Die Pferdelords bieten detailreiche und spannende Abenteuer, in der die Völker mit ihrer jeweils eigenen Geschichte und Kultur zum Leben erweckt werden. Wem die tatsächlichen oder scheinbaren Wiederholungen von Beschreibungen in den Bänden auffallen, der wird feststellen, dass sie die Entwicklung der Völker und ihrer Siedlungen aufgreifen, denn bei den insgesamt zwölf Bänden handelt es sich um eine Chronologie. Im Lauf der Zeit entsteht aus dem Tauschhandel eine Währung, aus dem schlichten Signalfeuer ein kompliziertes optisches Instrument, man entdeckt das Schießpulver und die Dampfmaschine sowie schließlich sogar das Luftschiff. Man begleitet den Knaben Nedeam, der schon bald als Schwertmann und Reiter und schließlich sogar als Pferdefürst an der Seite seiner Freunde steht. Man begleitet den ehrenhaften Orkkrieger Fangschlag und auch dessen hinterlistigen Gegenspieler Einohr.
Meine Leser begegnen alten und neuen Völkern, doch selbst jenen, die man zu kennen glaubt, gewinne ich manche neue Seite ab.

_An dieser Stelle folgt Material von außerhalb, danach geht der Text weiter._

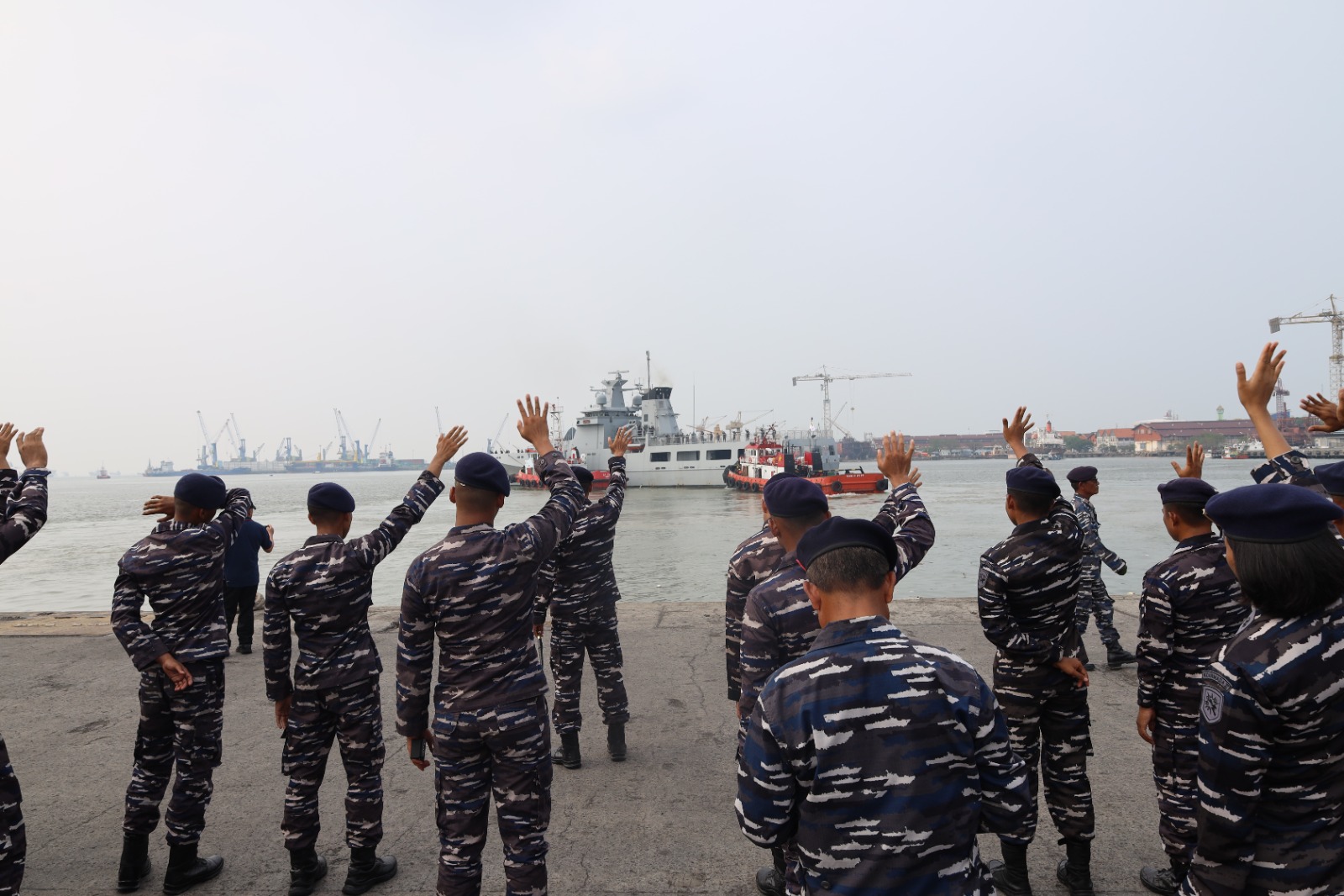 PI – Surabaya, Pangkalan Utama TNI Angkatan Laut (Lantamal) V melepas keberangkatan 2 Kapal Perang Diraja Brunei Darussalam (KDB) yaitu KDB Darulaman 08 dan KDB Syafaat 19 bertempat di Dermaga Mirah Selatan, Tanjung Perak, Surabaya. Sabtu (23/11/2024)

Es erwartet Sie also eine spannende Saga um mein Pferdevolk und seine Freunde und Feinde.
Die Pferdelords-Reihe:
Pferdelords 01 – Der Sturm der Orks
Pferdelords 02 – Die Kristallstadt der Zwerge
Pferdelords 03 – Die Barbaren des Dünenlandes
Pferdelords 04 – Das verborgene Haus der Elfen
Pferdelords 05 – Die Korsaren von Um´briel
Pferdelords 06 – Die Paladine der toten Stadt
Pferdelords 07 – Das vergangene Reich von Jalanne
Pferdelords 08 – Das Volk der Lederschwingen
Pferdelords 09 – Die Nachtläufer des Todes
Pferdelords 10 – Die Bruderschaft des Kreuzes
Pferdelords 11 – Die Schmieden von Rumak
Pferdelords 12 – Der Ritt zu den goldenen Wolken
Mein Dank gilt dem Verlag WELTBILD, der es mir ermöglichte, die von ihm lektorierten Manuskripte für die weiteren Veröffentlichungen als e-Book zu verwenden und so dazu beitrug, dass diese Serie weiterhin im Handel erhältlich ist.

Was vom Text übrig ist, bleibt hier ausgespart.